My cousin IM'd me. Told me how a couple of days ago she had dreams of MG, my cousin who passed away in a car accident earlier this year. She had several dreams that night all in a row. Dream, wake up, dream, wakeup, all going back to a dream with him in it. In one, she is riding a white car with him and some other relatives and they get into an accident and he dies and she is planning his funeral. In another, they're just hanging out the way they used to. She doesn't remember the other ones, she just remembers he was there. She asks me what does it mean. I tell her, I don't know. But I think alot of us wish we had been there to know what happened in that crash. She asks again, do you think that's what that means? I tell her again, I don't know.

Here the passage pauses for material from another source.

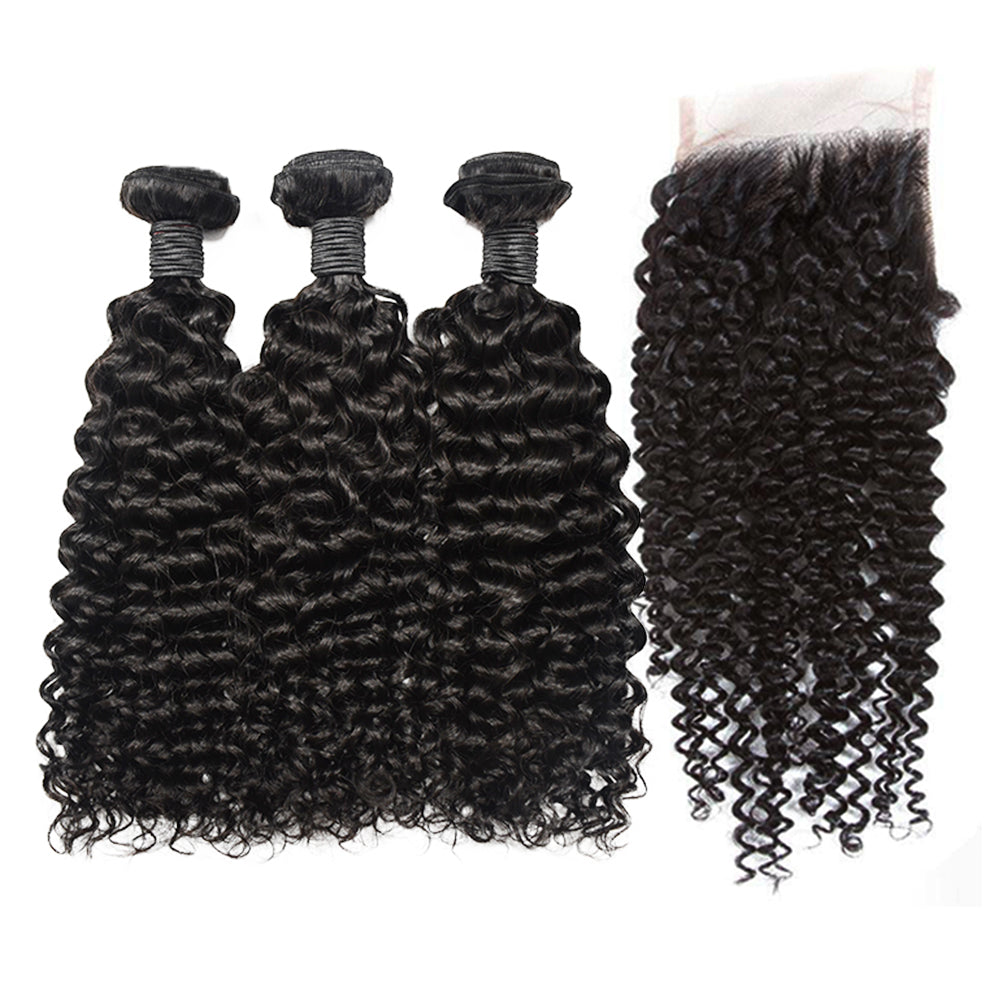 | Hair Bundles | Curly Bundles With Closure 100% Unprocessed Human Hair 3 Bundles Curly With 6*6 HD Lace Closure |

There was once we asked my Taroh cards about him. One reading indicated he was with his girlfriend, in her dreams. When we asked the girlfriend, she said yes he had dreamed about him the night before the reading. It was the only time she had dreamed of him.

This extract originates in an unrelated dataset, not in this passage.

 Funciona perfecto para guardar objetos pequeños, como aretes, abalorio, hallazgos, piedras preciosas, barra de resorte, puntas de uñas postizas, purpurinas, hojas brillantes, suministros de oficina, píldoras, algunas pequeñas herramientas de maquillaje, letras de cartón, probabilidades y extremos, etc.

After the wedding of my now sister-in-law, we were busy cleaning up flowers. As I loaded the truck outside, the then boyfriend called me to look at something. When I went in, he pointed to a single rose on a pillar, the sun from the window highlighted it in some picture perfect moment. Did you put the rose there?, he asked me. I said no. He didn't recall putting it there either, but there it was, a flower so delicately placed. Maybe his parents were there. Maybe. We brought his parents flowers on their grave that day.

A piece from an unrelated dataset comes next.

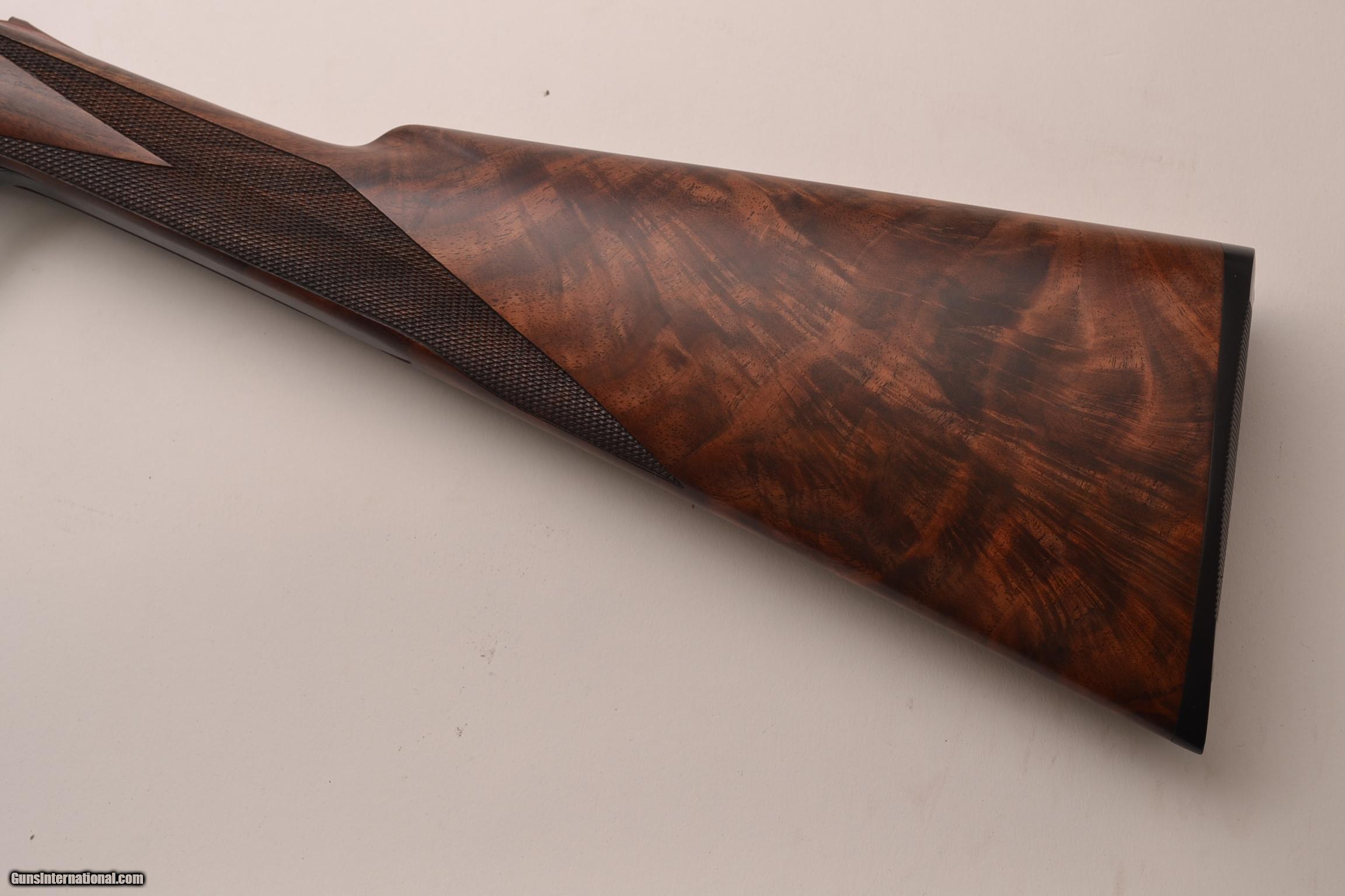 Description: RBL 28 - Rose & Scroll, 28ga., 26” barrels, fixed chokes, SK/IC, solid game rib, Exhibition American wood, straight grip stock, plastic butt pad, splinter forend, double triggers, automatic ejectors, game scene engraving over spectacular case coloring. Base - $4,995.00, options include: Exhibition American wood - $900, S&H - $50.00. Inv# 35606 6lbs. 4oz. 14 1/4” x 1 ½” x 2 3/8” $5,945.00 SOLD |

After my grandfather died, I returned to the Philippines 7 months later. I had dreamed of him for a moment. I was at home, watching him leave on his morning walks that he took every day. I watched him leave, he raised his hand to say he was leaving, I could hear my own voice say goodbye, then the dream ended. I still mourn him when I recall that dream.

Last weekend, we had the one year death anniversary for ninang. A year goes by so quickly. A year. The traditional time frame to remove the veil of mourning. But I don't think the mourning ever truly ends, there are always moments of missing. Of hearing a song sung, and feeling a presence filled. The transition, the ritual is important though, a way of remembering that we are the living ones, to remember that we must go on and live in whatever anger, sadness, joy, hope that we have.

At our wedding, as my brother sang Ave Maria, we placed a single sunflower at the base of the statue of Mary. In honor of our loved ones who could not be here: his parents, ninang, MG. It was Ninang's favorite flower. In the grand and small moments of our lives, there is a wish to share joy, a need for witness. We leave places in our heart for the people we love and they stay there even when they are gone.

1 comment:

Rona Fernandez said...

Beautiful, eloquent writing, Michelle. Thanks for sharing your words.--R.